If you want, contact me via PM and I will show you quickly via a scheduled zoom session what i am talking about.

From what you say:

I need nodeJS to do the dynamic scrapping. aka headless browser technique

I dont understand the ajax calls paragraph. LOL

It's alright. I will try to read up and learn on nodeJS and try out the link you have sent!! Really helpful for me and i appreciate it...
Tho, i have another curious question. Since i am able to extra the data via defining the IP and port number. Can't i just read it directly via code into the IP and port number?
Sorry, if im unclear or confusing. Im thinking in a i2c Protocol style. where i just identify which data i want and separate it.

davidktw · Oct 5, 2020

emo_121 said:
From what you say:

I need nodeJS to do the dynamic scrapping. aka headless browser technique

I dont understand the ajax calls paragraph. LOL

It's alright. I will try to read up and learn on nodeJS and try out the link you have sent!! Really helpful for me and i appreciate it...
Tho, i have another curious question. Since i am able to extra the data via defining the IP and port number. Can't i just read it directly via code into the IP and port number?
Sorry, if im unclear or confusing. Im thinking in a i2c Protocol style. where i just identify which data i want and separate it.

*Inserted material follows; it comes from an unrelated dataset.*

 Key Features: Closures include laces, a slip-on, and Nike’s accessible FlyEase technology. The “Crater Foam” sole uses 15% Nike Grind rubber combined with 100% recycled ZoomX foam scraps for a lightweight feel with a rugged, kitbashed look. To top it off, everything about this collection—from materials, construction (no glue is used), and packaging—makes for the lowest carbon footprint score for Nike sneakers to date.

it is not node.js, node.js is just one of the many possible the web driver binding language to drive the browsers.

Take selenium for example, you can use Java selenium web driver to drive other browsers rig firefox, safari, chrome, IE, etc There are also other languages binding such as Python, Ruby, C#

You can read up more from https://www.softwaretestingmaterial.com/selenium-webdriver-architecture/

AJax calls are in short for Asynchronous Javascript and XML. This technique allows the browser to fire off asynchronous web requests to servers which gives the similarity of background web requests that doesn’t by default refresh the webpage. This is the fundamental technique that has been around for many years which makes vibrant client dynamic webpages, otherwise every action on the webpage like clicking a button, or clicking on a hyperlink will need to totally refresh the webpage. You should go read up more.

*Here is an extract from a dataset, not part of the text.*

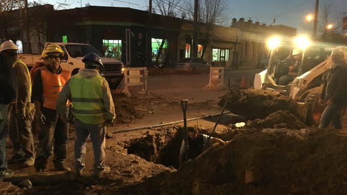 Si bien inicialmente se hablaba de una rotura que se había producido en momentos que la empresa Plantel S.A. desarrollaba tareas de recambio de cañerías de agua potable, luego se conoció que la rotura estaba de antaño u al descubrir el caño se aprovechó para su reparación.

When i say you can focus on AJAX to do what you want to do is simply means you don’t actually need to parse the entire webpage just to get the data you need. Normally web applications are designed to make extensive use of ajax to perform what we call remote procedure calls or in short RPC. When you click a button, one possible design is to react to this button click event and call a javascript function. this function will create an ajax web request and fire to the server. the server will return some data. Often this data is either in JSON or XML or HTML or could be plain text too. Using this data, the function will then update the data in the webpage, hence you get the illusion of webpage not refreshing but the html table data get refreshed. This is what we called rich client application.

I am suggesting that you monitor the web requests made in the browser, identify which one of the ajax calls are returning the data set that populate the table. Hence instead of rendering the webpage, simple mimic the ajax requests to the server which will return you the data, parse the data and get what you really wanted.

I don’t understand your “curious” question, please elaborate.

emo_121 · Oct 5, 2020

davidktw said:
it is not node.js, node.js is just one of the many possible the web driver binding language to drive the browsers.

Take selenium for example, you can use Java selenium web driver to drive other browsers rig firefox, safari, chrome, IE, etc There are also other languages binding such as Python, Ruby, C#

You can read up more from https://www.softwaretestingmaterial.com/selenium-webdriver-architecture/

AJax calls are in short for Asynchronous Javascript and XML. This technique allows the browser to fire off asynchronous web requests to servers which gives the similarity of background web requests that doesn’t by default refresh the webpage. This is the fundamental technique that has been around for many years which makes vibrant client dynamic webpages, otherwise every action on the webpage like clicking a button, or clicking on a hyperlink will need to totally refresh the webpage. You should go read up more.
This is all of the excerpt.